● Problem requirements
Quote the lines below from the one containing "采用天平與杠桿原理,利用盛料" to the final line, both ends included; exclude the pictures.

● Exercise data
****************************************

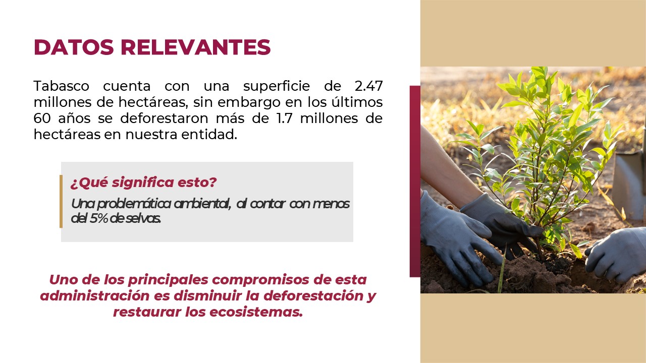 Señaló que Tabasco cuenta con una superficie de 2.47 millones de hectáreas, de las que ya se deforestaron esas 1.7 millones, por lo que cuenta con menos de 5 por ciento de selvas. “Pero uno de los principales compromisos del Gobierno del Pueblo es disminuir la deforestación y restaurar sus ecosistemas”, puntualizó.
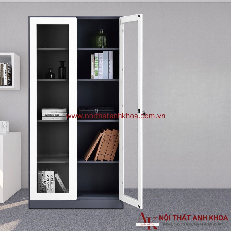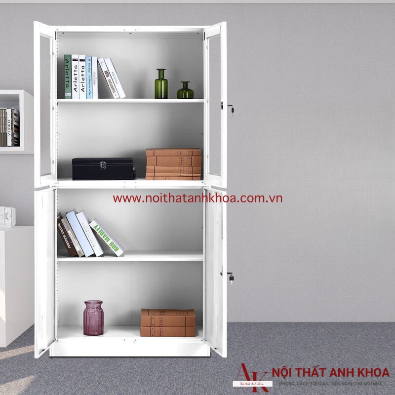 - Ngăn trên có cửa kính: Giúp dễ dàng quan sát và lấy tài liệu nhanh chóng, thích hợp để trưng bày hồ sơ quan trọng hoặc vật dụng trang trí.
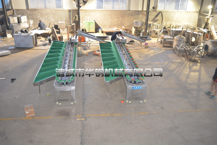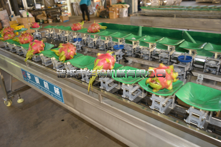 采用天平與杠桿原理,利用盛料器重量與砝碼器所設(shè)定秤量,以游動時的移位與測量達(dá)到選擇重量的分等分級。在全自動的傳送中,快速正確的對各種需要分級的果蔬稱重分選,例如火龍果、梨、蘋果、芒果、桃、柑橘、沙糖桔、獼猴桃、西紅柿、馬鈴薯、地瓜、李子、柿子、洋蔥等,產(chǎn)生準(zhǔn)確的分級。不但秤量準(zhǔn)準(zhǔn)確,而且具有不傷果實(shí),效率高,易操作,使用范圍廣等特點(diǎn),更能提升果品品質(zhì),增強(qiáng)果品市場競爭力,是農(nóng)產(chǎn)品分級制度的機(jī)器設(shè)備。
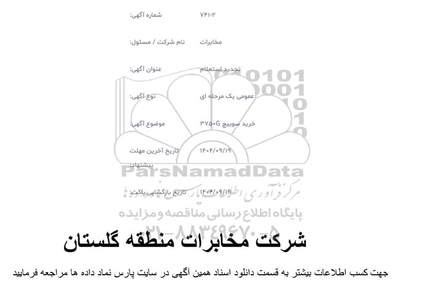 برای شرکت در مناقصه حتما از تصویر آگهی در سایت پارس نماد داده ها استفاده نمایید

****************************************

● Response to the task
 采用天平與杠桿原理,利用盛料器重量與砝碼器所設(shè)定秤量,以游動時的移位與測量達(dá)到選擇重量的分等分級。在全自動的傳送中,快速正確的對各種需要分級的果蔬稱重分選,例如火龍果、梨、蘋果、芒果、桃、柑橘、沙糖桔、獼猴桃、西紅柿、馬鈴薯、地瓜、李子、柿子、洋蔥等,產(chǎn)生準(zhǔn)確的分級。不但秤量準(zhǔn)準(zhǔn)確,而且具有不傷果實(shí),效率高,易操作,使用范圍廣等特點(diǎn),更能提升果品品質(zhì),增強(qiáng)果品市場競爭力,是農(nóng)產(chǎn)品分級制度的機(jī)器設(shè)備。
 برای شرکت در مناقصه حتما از تصویر آگهی در سایت پارس نماد داده ها استفاده نمایید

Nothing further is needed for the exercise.